» **TASK BRIEF**:
Leave the pictures out. Retype exactly the lines below from the one containing "The elegant CarryAll" through the one containing "Ongebruikt, getest en", and no others.

Data extracted from a collection:

[Start of section]

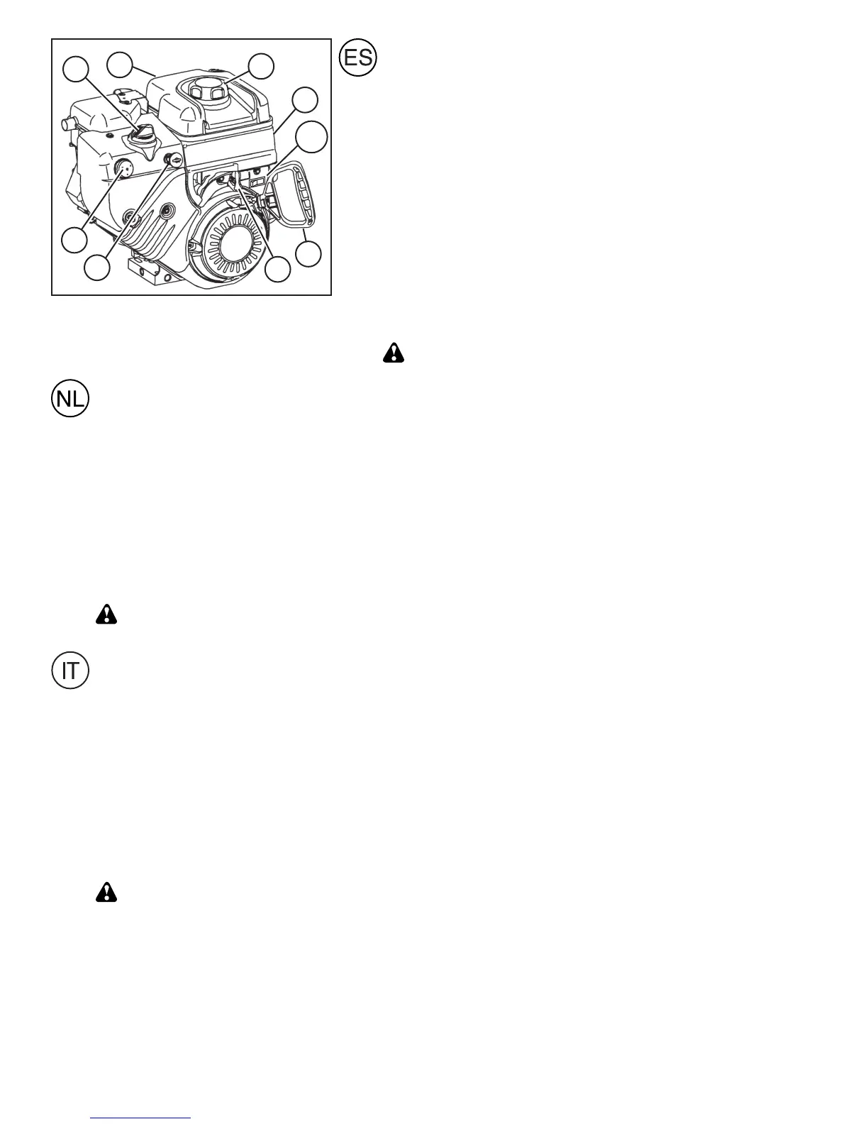 WAARSCHUWING: Veeg alle gemorste olie of brandstof af. benzine niet opslaan, morsen of gebruiken bij een
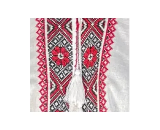 Compleu Traditional Alb pentru Baieti cu Motiv Geometric Rosu - IMS27RS
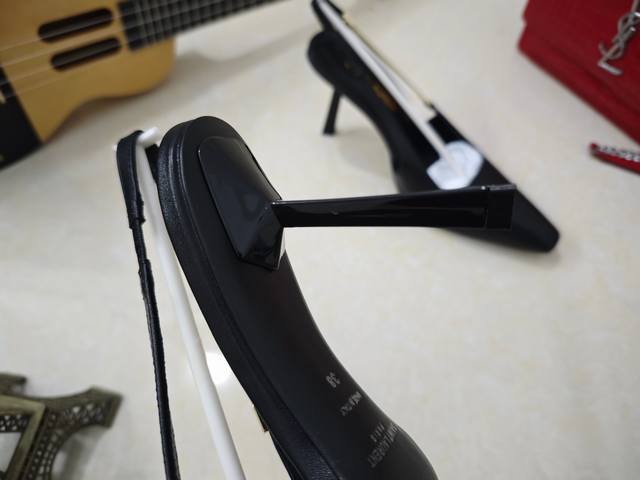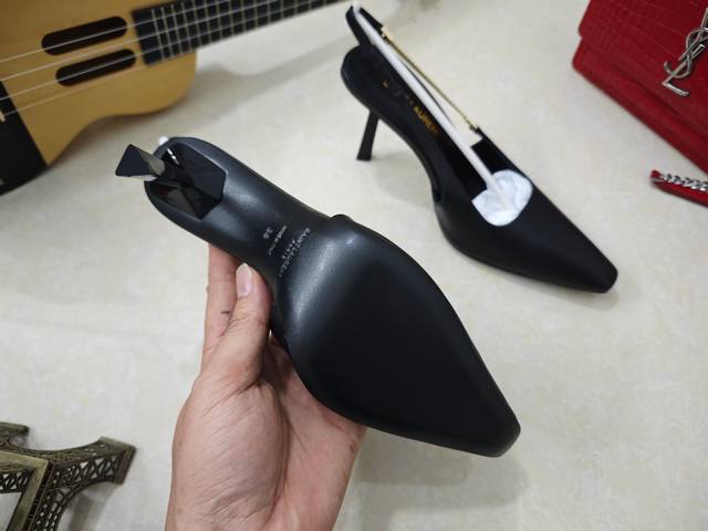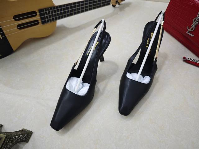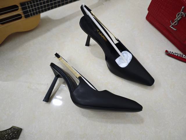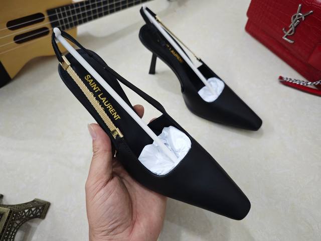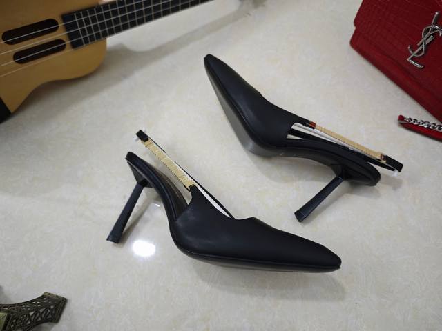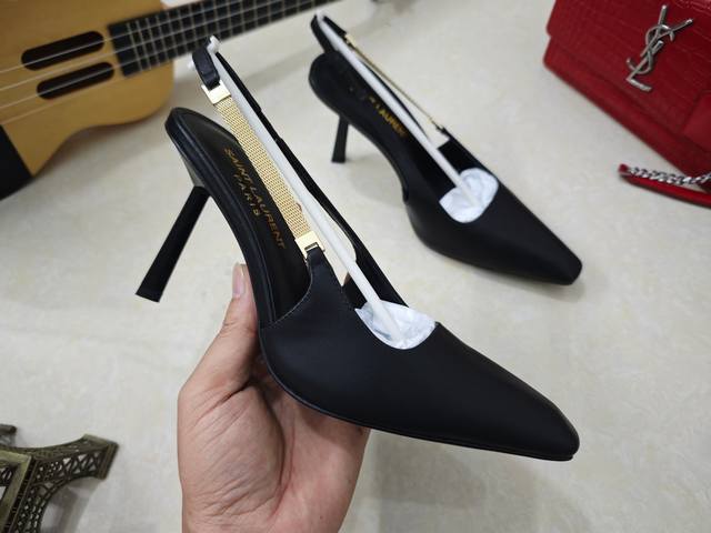 米 Saint Laurent 圣罗兰、细跟电镀跟后空单鞋早春专柜同步最新款、Ysl、Logo字母金色扣装饰 经典上乘美艳力作 专柜最火春夏系列...
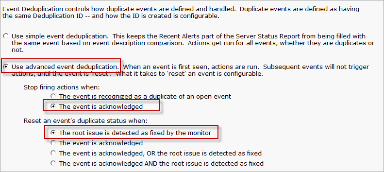A common desire is to be notified when there is a problem, possibly with event escalation, and then to quiet the alerts while the problem is being worked on. This can be enabled using Event Deduplication.
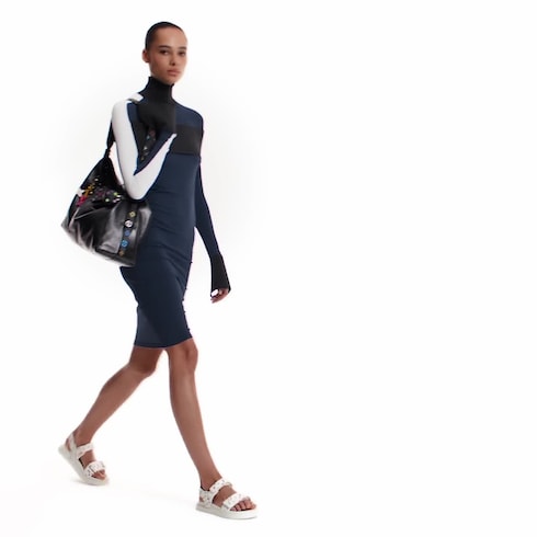 The elegant CarryAll Vibe handbag is crafted from supple lambskin in a practical body-friendly shape with tone-on-tone cowhide trimmings and a roomy interior big enough to fit daily essentials, including a large smartphone. As part of the celebratory re-edition of the Louis Vuitton x Murakami collection, a multicolored Monogram motif adds a joyful pop of color to the removable strap and emblematic name tag. Complete with a removable inside pouch.
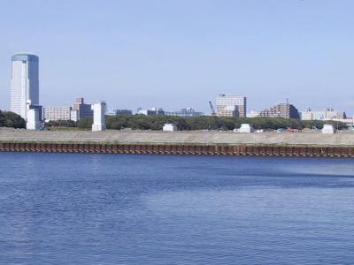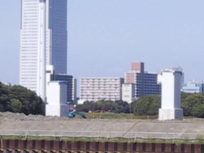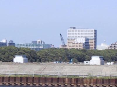 | 奥に2本の橋脚が見えてます。 | 東雲運河を横切る5本の橋脚が見えます。 |
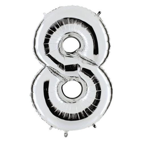 Palloncino Compleanno Numero 8 (1pz) Argento 31618
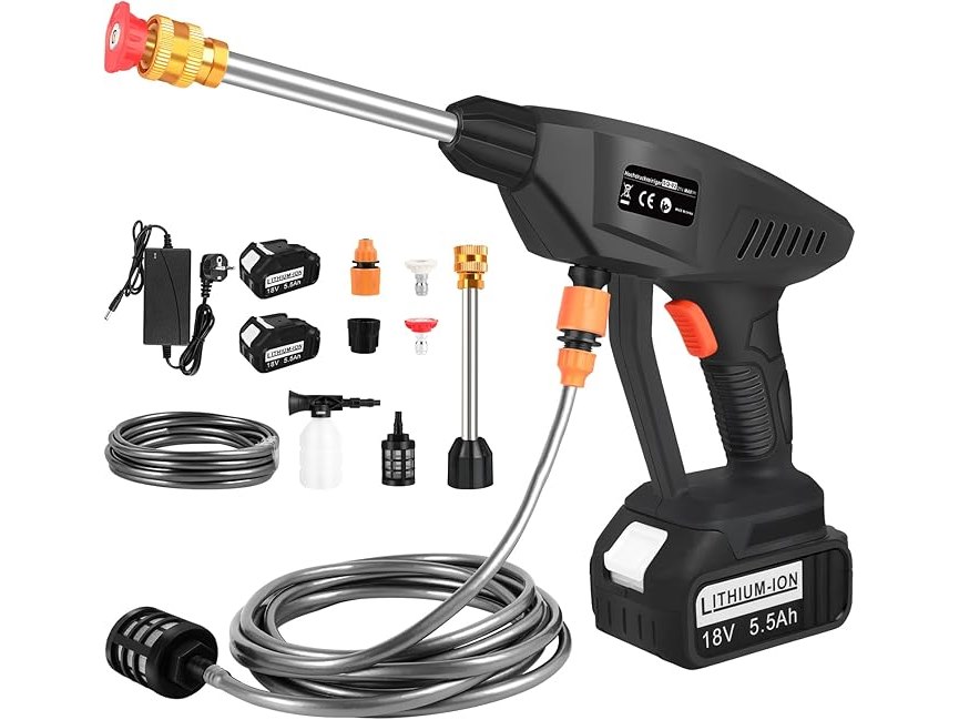 Ongebruikt, getest en werkend, ASUNCELL Accu-hogedrukreiniger met 2 x 5500 mAh accu's, multifunctionele sproeikop, draadloze draagbare hogedrukreiniger, Hydroblast hogedrukreiniger voor auto's, gazon, tuin en zwembaden, B0DZ5NXYGX
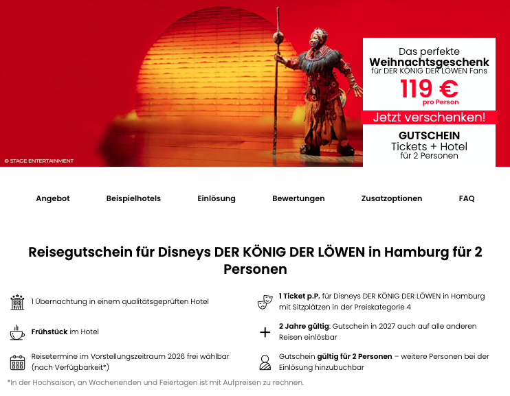 Der Vorteil des Gutscheines: Man muss sich nicht sofort festlegen, wann der Besuch von Disneys DER KÖNIG DER LÖWEN erfolgen soll, der Gutschein ist für den gesamten Vorstellungszeitraum 2026 gültig. Und was, wenn es dann 2026 doch nicht passt? Kein Problem, denn der Gutschein wandelt sich 2027 in einen Travelcircus-Wertgutschein um, der dann auf alle Reisen einlösbar ist.
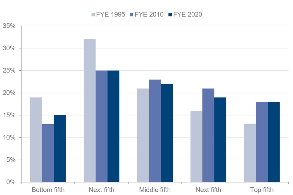 The percentage of pensioners in each fifth of the overall population income distribution (AHC), using equivalised income, financial years ending 1995, 2010 and 2020
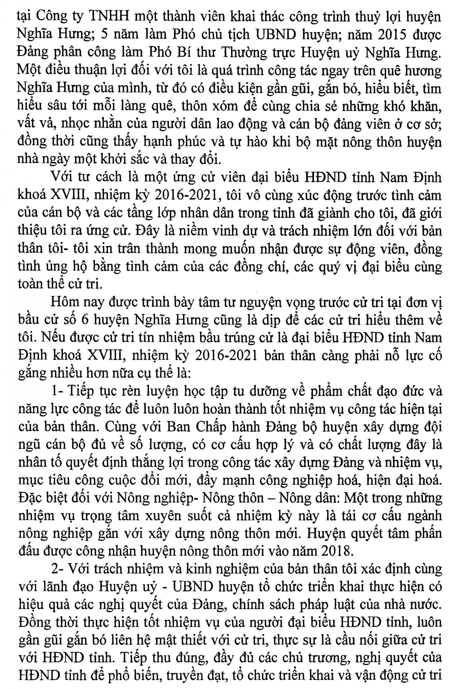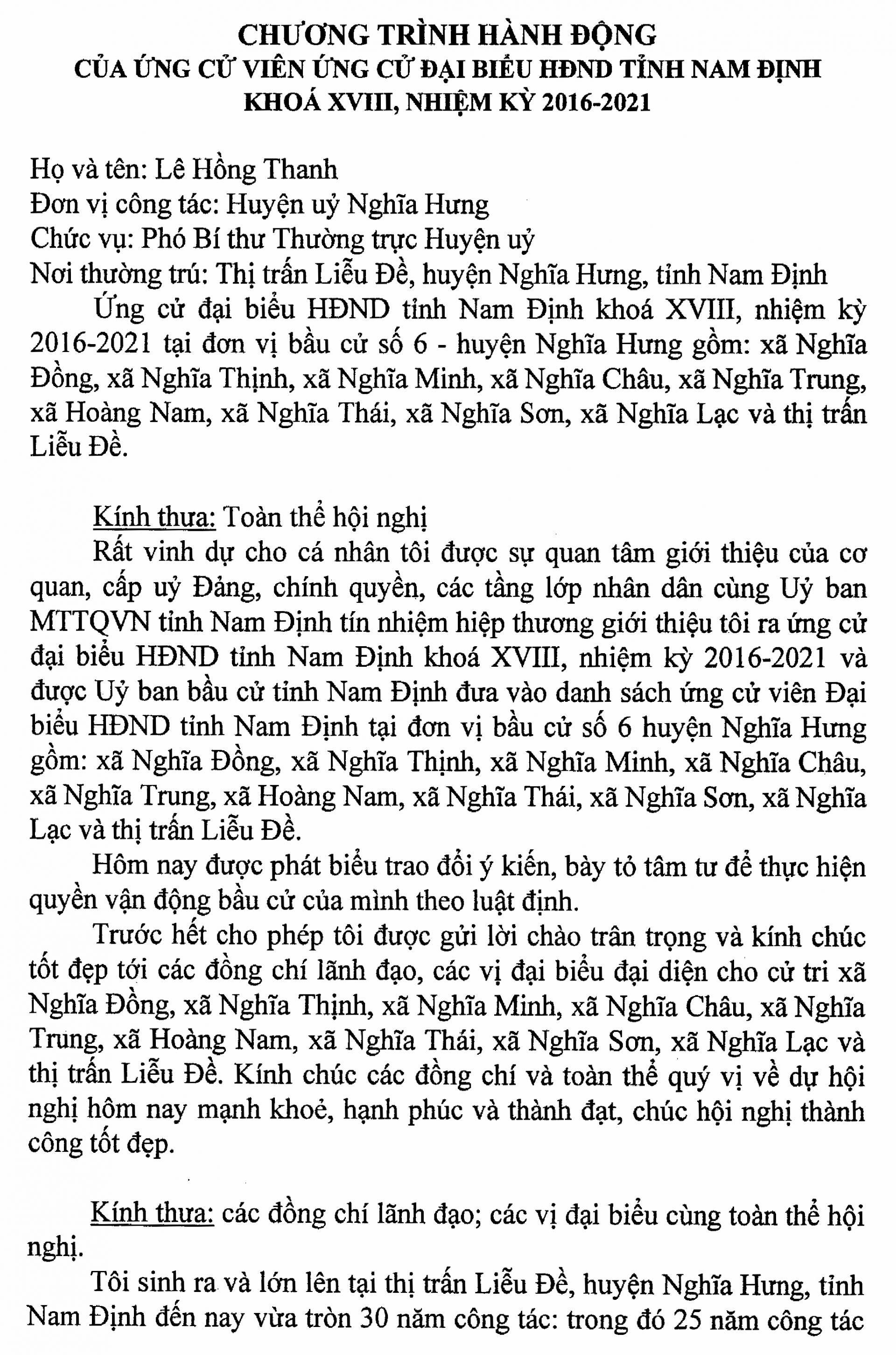 Chương trình hành động của ông Lê Hồng Thanh, ứng cử viên Đại biểu HĐND tỉnh Nam Định khoá XVIII
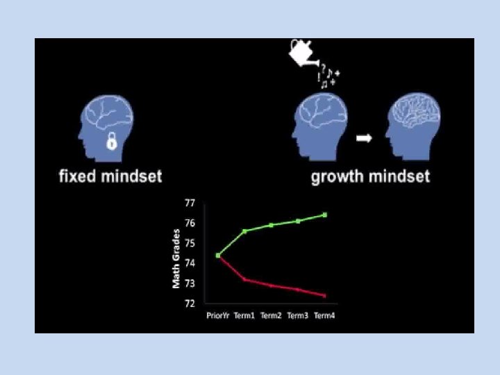 Pupils with a ‘Growth Mindset’ make the most progress Doctors Carol Dweck and Lisa Blackwell carried out two years of research with hundreds of year 7 pupils. At the start of the research pupils were surveyed to see what type of Mindset they had. Their Maths exam results were then tracked for two years. Results showed that pupils with a Growth Mindset improved their results over time. Those with a Fixed Mindset did not. The gap in their performance widened and widened over time.
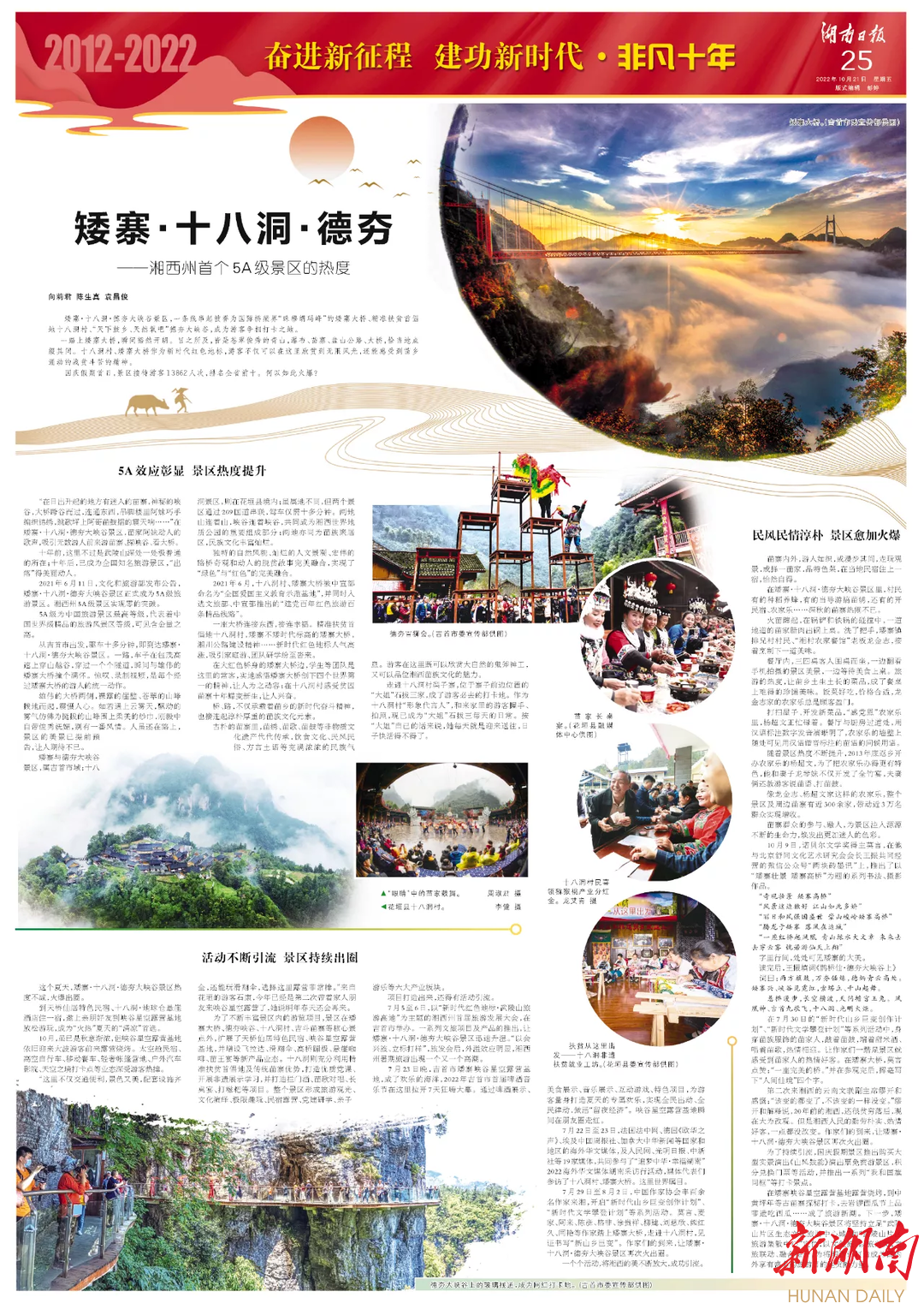 2021年6月11日,文化和旅游部发布公告,矮寨·十八洞·德夯大峡谷景区正式成为5A级旅游景区。湘西州5A级景区实现零的突破。
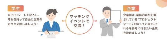 学生の自己PR及び受入企業の業務内容等の案内の場として交流会を実施。交流会後に学生と企業、双方の希望をヒアリングしマッチングを行います。
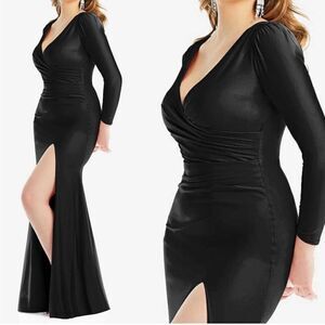 Yasmeen - Suitable for any special occasion, this stunning full-length gown features long sleeves with a delicate shirring detail. Cut from a luxe stretch satin fabric for a glamorous effect, this show-stopping mermaid dress offers a surplice bodice that reaches the floor with an alluring front slit. A full-back and included additional cups provide extra support and coverage.

[End of section]

» **ANSWER TO THIS EXERCISE**:
 The elegant CarryAll Vibe handbag is crafted from supple lambskin in a practical body-friendly shape with tone-on-tone cowhide trimmings and a roomy interior big enough to fit daily essentials, including a large smartphone. As part of the celebratory re-edition of the Louis Vuitton x Murakami collection, a multicolored Monogram motif adds a joyful pop of color to the removable strap and emblematic name tag. Complete with a removable inside pouch.
 | 奥に2本の橋脚が見えてます。 | 東雲運河を横切る5本の橋脚が見えます。 |
 Palloncino Compleanno Numero 8 (1pz) Argento 31618
 Ongebruikt, getest en werkend, ASUNCELL Accu-hogedrukreiniger met 2 x 5500 mAh accu's, multifunctionele sproeikop, draadloze draagbare hogedrukreiniger, Hydroblast hogedrukreiniger voor auto's, gazon, tuin en zwembaden, B0DZ5NXYGX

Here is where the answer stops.